Ya no hay nada que puedan hacer las Fuerzas Armadas –ninguna falla, ningún abuso– que vaya a producir un cambio de rumbo. Ni poner en peligro la relación con Estados Unidos por presuntos vínculos con organizaciones criminales (caso Cienfuegos); ni boicotear la que hubiera podido ser la investigación de mayor impacto del sexenio (caso Ayotzinapa); ni descuidar la seguridad de sus sistemas de información y crear un flanco de vulnerabilidad extrema para el gobierno (caso Guacamaya); ni pretextar la seguridad nacional para no acatar auditorias ni solicitudes de transparencia (casos NAIM y Tren Maya); ni masacrar civiles desarmados (caso Nuevo Laredo); ni operar un centro ilegal de espionaje contra civiles (caso #EjércitoEspía). Es difícil ponerle una fecha exacta, pero es fácil reconocer que México ya cruzó el punto de no retorno. El nuevo poder militar llegó para quedarse.
El nuevo poder militar
Y llegó, además, no desafiando al Poder Ejecutivo sino de la mano con él. Porque en cada uno de esos (y otros) casos López Obrador ha optado no por deslindarse, no por ofrecer garantías de una investigación imparcial e independiente, sino por defender a las Fuerzas Armadas. “Les tengo confianza”, le dijo a la reportera Nayeli Roldán cuando lo confrontó con la ilegalidad del espionaje contra periodistas y defensores de derechos humanos, como si tener el privilegio de su confianza exentara a los militares de su obligación de cumplir la ley. Cuando ella le preguntó si el general Audomaro Martínez Zapata (director del Centro Nacional de Inteligencia, antes CISEN) podría acudir a una conferencia mañanera a aclarar el uso del software Pegasus durante su administración, le replicó que no: “no tiene por qué”, “ustedes no van a poner la agenda”, “¿por qué les vamos a hacer el caldo gordo?”. El intercambio fue francamente revelador, inequívoco, transparente. El periodismo exige rendición de cuentas, el presidente responde ofreciendo impunidad.

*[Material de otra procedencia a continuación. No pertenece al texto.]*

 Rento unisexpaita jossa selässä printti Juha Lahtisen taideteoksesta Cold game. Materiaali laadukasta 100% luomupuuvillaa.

La conversación pública ha perdido mucho tiempo especulando si la lealtad de los uniformados está con la Constitución o con López Obrador, pero él no se cansa de dar muestras innegables de que es su lealtad, más bien, la que está con ellos. Lo que comunica, una y otra vez, es que el poder civil que él encabeza ya no está por encima sino al servicio del militar. Que el jefe del Estado Mexicano tenga que salir a dar la cara por las Fuerzas Armadas, a blindarlas políticamente, incluso a pagar todo el costo de sus fiascos y sus excesos, es en sí mismo el mensaje. Sus palabras lo reiteran, pero son secundarias. Lo más importante, lo esencial, es el gesto de protegerlas, en sentido figurado, con su propio cuerpo; de arroparlas como si fueran no responsables de hechos concretos que demandan explicaciones, sino objetos de una gran conspiración mediático-opositora que es imperativo desenmascarar. Los que portan las armas son las víctimas; quienes exhiben sus atropellos, los victimarios.

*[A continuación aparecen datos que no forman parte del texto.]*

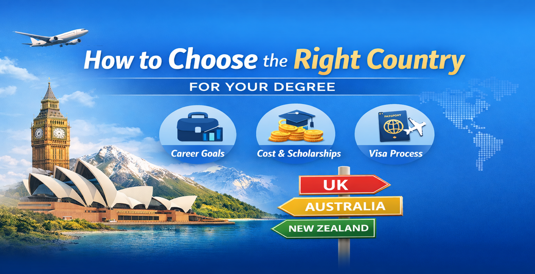 Choosing the right country for your higher education is one of the most important decisions in your academic journey. With popular study destinations like the UK, Australia, and New Zealand, students often feel confused about which option suits them best.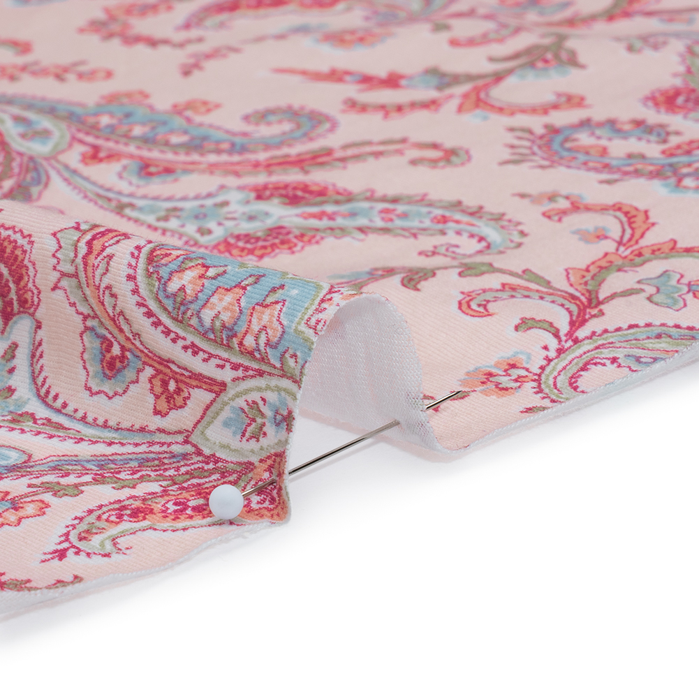 Cotton and Viscose Jersey Print – Pink, Blue and Sage Green Paisley – Deadstock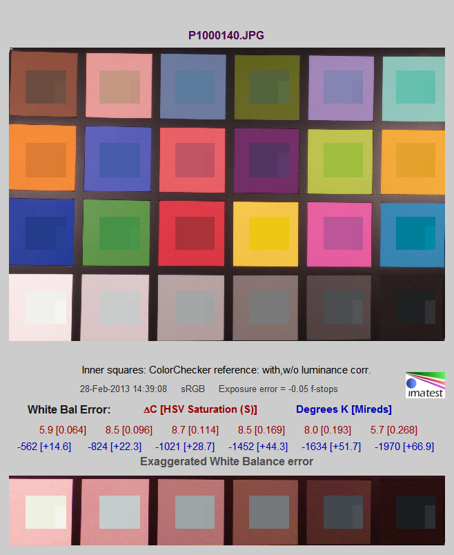 На изображениях в каждом поле малый внутренний прямоугольник является эталонным цветом, а внутренний квадрат — полученным камерой, но приведённым по яркости и контрасту, внешний квадрат — необработанная область, полученная с камеры. Красные числа обозначают отклонения цвета по шкале S в цветовом пространстве HSV, а синие — в градусах Кельвина [Мередах].

Más aún, los términos con que el presidente ha querido justificar su decisión de darle tantos encargos y recursos al Ejército en nada contribuyen a legitimar la supremacía del mando civil; al contrario, lo que hacen es menoscabarla. Porque si la milicia es más eficiente, más honesta y comprometida, ¿qué es entonces, por contraposición implícita, la administración pública? Si los soldados son “pueblo uniformado”, ¿qué es la burocracia? Si lo único que hacen las Fuerzas Armadas es cumplir con su deber leal y patrióticamente, ¿qué es lo que hacen quienes intentan fiscalizarlas, cuestionarlas o denunciarlas?

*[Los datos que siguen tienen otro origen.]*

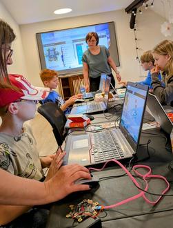 In diesem Workshop lernten Paul, Felix, Anton, Aaron und Felix mit seinem Papa spielerisch, wie sie den Mini-Computer programmieren - von blinkenden LEDs bis hin zu kleinen Sensor-Projekten.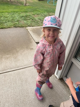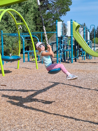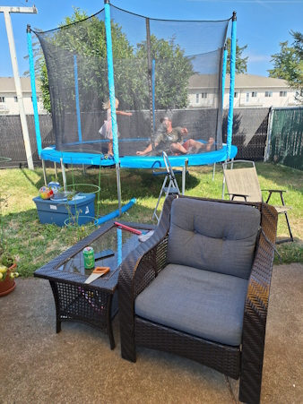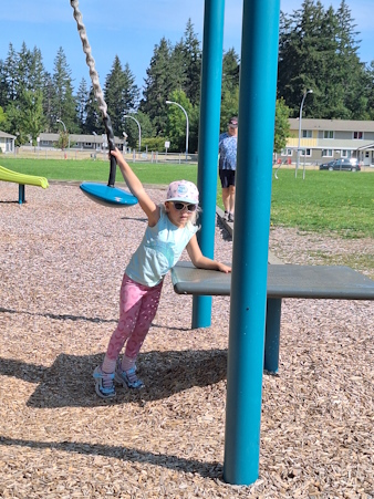 When she jumps on the trampoline, her hair ends up like this. It is so funny looking.

Ningún otro mandatario mexicano en la historia reciente había hecho tanto, ni de lejos, no solo por empoderar material y simbólicamente a los militares a costa de las autoridades civiles, sino por desactivar los controles y debilitar los límites a los que deben estar sujetos. El saldo de la “transformación”, en ese sentido, no será un país más seguro y democrático, será un México más injusto y arbitrario.